I have to seriously disagree with this. Frozen grapes are one of my favorite snacks. Pop some in the freezer and eat them frozen. Try it once and you will be convinced


----------



## PA Baker (Mar 4, 2005)

Dolphinesque, if they are as tiny as blueberries, like you said, you probably were given champagne grapes.  As darkstream said, these are best eaten plain.  They'd make a great accompianment to a cheese plate or fruit salad.  Here's some info I found about champagne grapes:

"The first raisins were most likely sun-dried - 3,000 years ago, or so - grapes were harvested and laid in the sun to dry - a process that continues today. The Champagne Grape, Zante Grape or black Corinth Grape are enjoyed fresh as more growers offer this fabulous grape. The source of the dried currant is the champagne grape - a nutritious - great source of B vitamins, iron and potassium - high fiber food that was a precious trade item in the ancient Near East and Rome. Currants and raisins were brought to Mexico and California in the 18th century, and today the San Joaquin valley of California produces almost all of the commercially grown raisins, and represents about half of the total world supply! The raisin industry in California boomed in the late 1800's after a severe heat wave dried the grapes on the vine. 

Currants from the Corinth Grapes are seedless and very dark in color - about ¼ the size of other raisins. They are labeled "Zante Currants", which refers to the Greek island where the Corinth first grew. The name Zante is the name of a tiny island off of Greece, and the black Corinth is named after the ancient city of Corinth. 

The petite champagne grape is very elegant, and stands on its own eaten fresh,or added to fresh fruit and vegetable salads. It is high in sugar and has a very unique flavor. Handle this delicate grape with care - drape a small cluster on the side of a wine glass for that special occasion. Put a whole cluster of the champagne grape in your mouth and enjoy its crisp texture and sweet taste. "


----------



## crewsk (Mar 4, 2005)

GB said:
			
		

> Darkstream said:
> 
> 
> 
> ...



GB, I agree totally!

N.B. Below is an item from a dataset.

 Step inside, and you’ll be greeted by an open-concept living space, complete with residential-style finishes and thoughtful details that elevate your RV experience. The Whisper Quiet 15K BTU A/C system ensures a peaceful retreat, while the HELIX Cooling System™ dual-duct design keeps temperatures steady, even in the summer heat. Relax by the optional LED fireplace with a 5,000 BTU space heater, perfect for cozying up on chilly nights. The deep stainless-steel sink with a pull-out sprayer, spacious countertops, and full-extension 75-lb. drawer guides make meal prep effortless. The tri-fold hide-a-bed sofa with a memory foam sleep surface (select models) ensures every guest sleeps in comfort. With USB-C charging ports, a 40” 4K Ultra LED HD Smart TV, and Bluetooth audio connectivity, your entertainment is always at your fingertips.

Frozen grapes are very refreshing on a hot day & they make great "ice cubes" for drinks.


----------



## Raine (Mar 4, 2005)

Ever tried a frozen banana?


----------



## crewsk (Mar 4, 2005)

Those are good too Rainee, along with frozen bluberries, strawberries, blackberries, & raspberries. I keep containers of frozen fresh fruit in the freezer during the summer for quick snacks.


----------



## PA Baker (Mar 4, 2005)

Rainee said:
			
		

> Ever tried a frozen banana?



...dipped in chocolate?
Yum!


----------



## Raine (Mar 4, 2005)

never tried the chocolate.


----------



## GB (Mar 4, 2005)

PA Baker said:
			
		

> Rainee said:
> 
> 
> 
> ...



This is one of my favorite childhood memories!


----------



## crewsk (Mar 4, 2005)

One more step to add to that banana....after it's dipped in chocolate roll it in crushed peanuts!


----------



## mudbug (Mar 4, 2005)

I agree about the freezing.  Most berries freeze very well and taste great straight out of the freezer.


----------



## middie (Mar 4, 2005)

Rainee said:
			
		

> never tried the chocolate.



you haven't??????????


----------



## mudbug (Mar 4, 2005)

crewsk said:
			
		

> One more step to add to that banana....after it's dipped in chocolate roll it in crushed peanuts!



crewk, you are just plain evil


----------



## crewsk (Mar 5, 2005)

Thank you very much!


----------



## jpinmaryland (Mar 7, 2005)

what are sultanas? Are they just another variety of dried grape? I was told sultanas are good in those mediterranean recipes like tangine chicken and such.


----------



## GB (Mar 8, 2005)

Moved to the Fruits and Nuts forum.


----------



## VegOut (Mar 25, 2005)

I would say definately eat as they are in their natural state!


----------



## jpmcgrew (Mar 26, 2005)

Sultanas is  a fancy word for white raisins.


----------



## choclatechef (Mar 26, 2005)

OOps!!

I just saw this post.  Why not juice the grapes!  

You could use a any juicer, your blender, and strain or:

You can use the old method of putting the grapes in a sterile canning jar with however much sugar you want, adding boiling water
to fill the jar, and cap with a sterile lid and ring.  

Presto!  You are done, the grape juice just has to rest in a cool dry place for a month or so.

Or, after you make your juice you can try wine making!


----------



## sarah (Mar 29, 2005)

GB said:
			
		

> I have to seriously disagree with this. Frozen grapes are one of my favorite snacks. Pop some in the freezer and eat them frozen. Try it once and you will be convinced


 yeah i freeze them too..love frozen grapes....


----------